··· Exercise materials

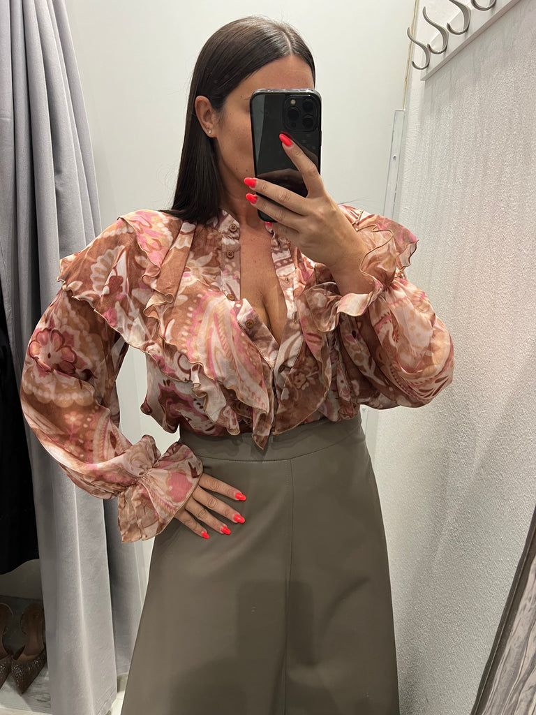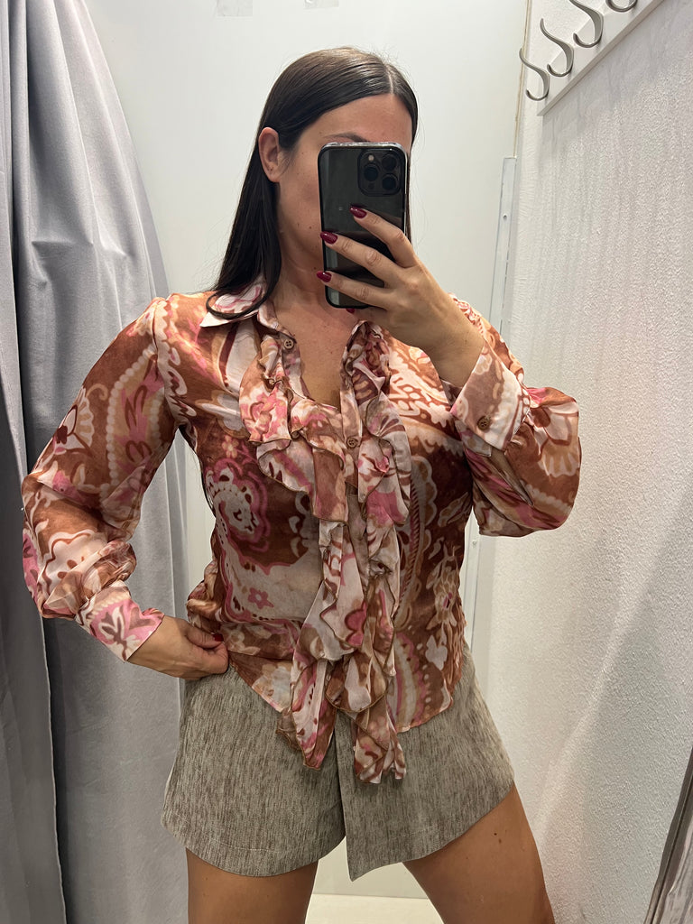 KONTATTO•Camicia rouches fantasia beige/malva
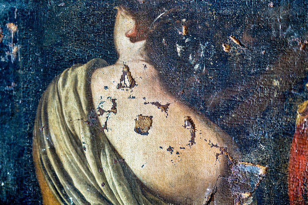 Close up of the damage to Hercules and Omphale from the Sursock Palace Collections which was badly damaged in the 2020 explosion in Beirut © 2022 J. Paul Getty Trust
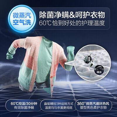 360度微蒸汽循环热风技术,可以抚平衣物褶皱,唤醒衣物活力。90度高温筒自洁设计,保持清新的洗衣环境。
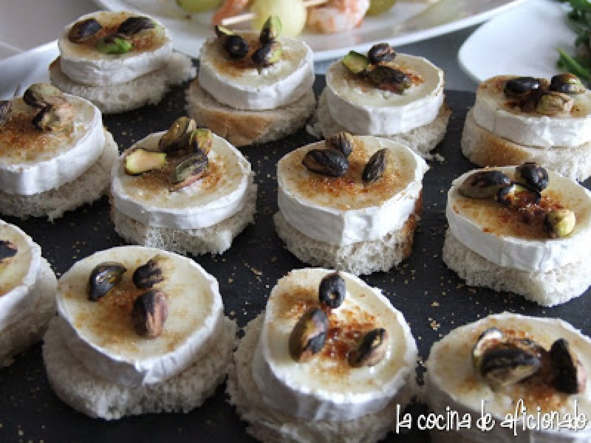 Queso de cabra y pistachos caramelizados AnteriorSiguiente PostreFácil1 hora Enviar esta receta a un amigo Imprimir esta página Preguntar al autor Publicar la foto de esta receta Ingredientes 8 Un rulo pequeño de queso de cabra 3 o 4 pistachos por aperitivo Azúcar moreno 3 rebanadas de pan de molde
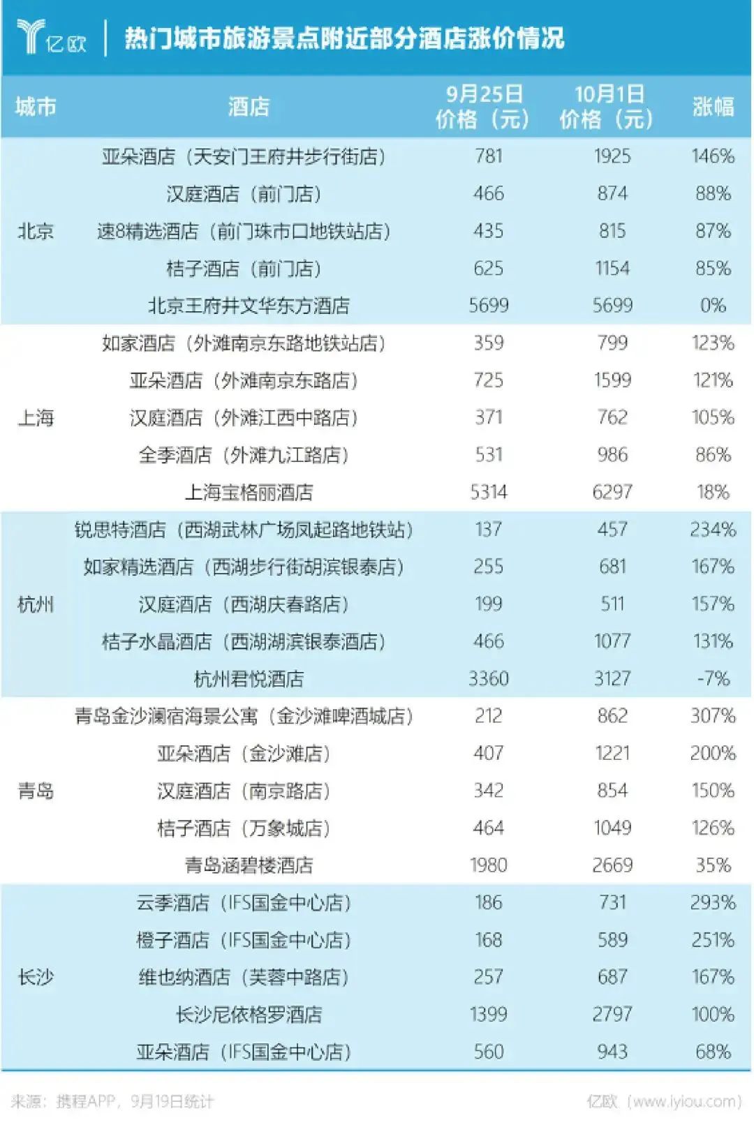 从年初起,酒店的价格便水涨船高。五一期间,不少酒店价格均较平日高出2-3倍,一些热门景点的甚至涨幅超过5倍,高达8-10倍;暑期游的火热让酒店价格再一次冲上峰值,一线城市核心地段的汉庭、如家等连锁酒店也飙到千元;长达8天的十一假期更是让酒店赚了个盆满钵满,打工人向往旅行的心则被狠狠刺痛。
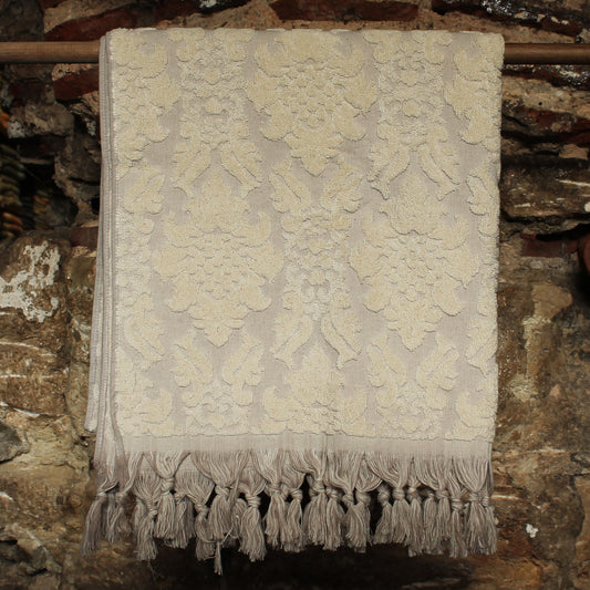 Damascus Design Hand Wowen Natural Cotton Grey Bath Towel
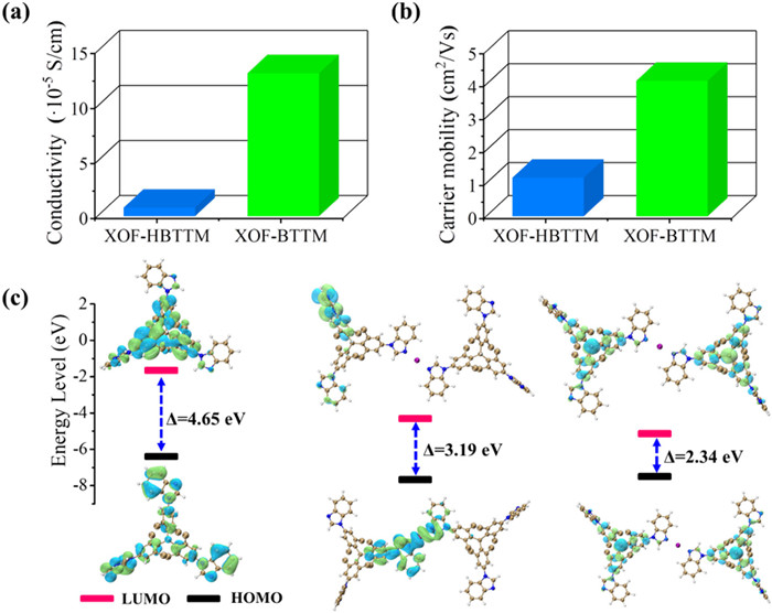 Figure 5  (a) Electrical conductivity of the XOF-HBTTM/BTTM. (b) Carrier mobility of the XOF-HBTTM/BTTM. (c) Ground-state frontier orbitals of the HBTTM, XOF-HBTTM, and XOF-BTTM.

······

● Assigned task:
What is wanted is an exact copy of the lines from the line with "Damascus Design Hand" through the end of the records, both ends included, pictures excluded.

● Finished exercise:
 Damascus Design Hand Wowen Natural Cotton Grey Bath Towel
 Figure 5  (a) Electrical conductivity of the XOF-HBTTM/BTTM. (b) Carrier mobility of the XOF-HBTTM/BTTM. (c) Ground-state frontier orbitals of the HBTTM, XOF-HBTTM, and XOF-BTTM.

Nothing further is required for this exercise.